RELUCTANCE TO NAME FORMAL TAXA (Taxonomy of Trypanosoma cruzi: a Commentary on Characterization and Nomenclature)

RELUCTANCE TO NAME FORMAL TAXA

This contrast between the eagerness to sub-divide T. cruzi and the reluctance to name formal taxa is curious in the light of the comparison with the related trypanosomatid genus Leishmania. For example the phylogenetic diversity in T. cruzi is comparable to that observed in the whole of the genus Leishmania (Tibayrenc 1998a), which is currently divided into nearly 50 species. Even if the comparison is limited to the same geographical area and a single order of reservoir, there are still about twenty mammalian species of New world Leishmania as compared to a single T. cruzi species. Although there is some criticism of the excess number of species in Leishmania, with the level of phylogenetic divergence between some species of Leishmania comparable to lower clades of T. cruzi (Tibayrenc 1998a), the benefit of the named species in clarifying the ecoepidemiology and causes of the diverse clinical manifestations of the leishmaniases is undoubted. Furthermore the studies of Andrade (1974) provided a similar basis for T. cruzi to that of Leishmania for the description of new taxa.

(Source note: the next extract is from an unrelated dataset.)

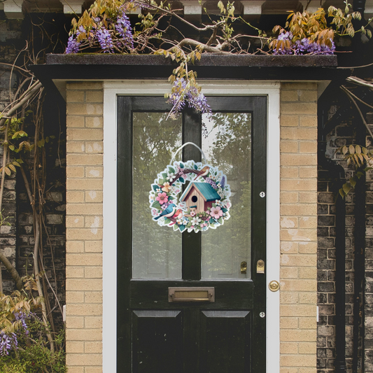 Bird House Wreath Cut-Out Door Hanger

Several reasons can be put forward to explain this reluctance for describing named taxa for T. cruzi. At the time the principal zymodeme divisions were proposed and in the period afterwards several other studies raised questions about the divisions. For example, Brenner (1977) proposed two polar types (Y and CL). These strains were shown later to posses a number of fundamental differences such as differences in the course of infection in a variety of hosts including morphology of blood forms at peak of parasitemia which occurred at different times and differences in infectivity to mouse peritoneal macrophages, tissue culture cells and in vivo infections. These fundamentally different types appeared to belong to the same zymodeme. The zymodemes themselves appeared not to be stable (Romanha et al. 1979) a finding reinforced by apparent instability of isoenzyme profiles in other parasites (Mirelman et al. 1986). The principal zymodemes also appeared to have geographical variations and could be divided into a number of isoenzyme strains (Tibayrenc & Ayala 1988). At the same time the technique of schizodeme analysis (Morel et al. 1980) showed an extensive heterogeneity within T. cruzi, which could not be readily classified into types. These results were supported by many further DNA studies using a variety of techniques demonstrating the genetic variability of T. cruzi (Macedo & Pena 1998).

Morever the use of these techniques indicated the possibility of heterogeneity within the T. cruzi strains, with particular strains or isolates being mixtures of at least two populations (Morel et al. 1980) and the probability of selective isolation of clones or strains (Deane et al. 1984, Macedo & Pena 1998). These and other reasons favoured the view of T. cruzi as a single polytypic species and against a formal subdivsion, as well as illustrating the difficulty of correlating strains with patient morbidity. However the possibility of a strain or even clone having more than one population of parasites was in fact the explanation for the observed instability of the isoenzyme characters and apparent similarity between the enzyme profile of the polar types (Goldberg & Perreira 1983, Gomes et al. 1991, Clark & Diamond 1993).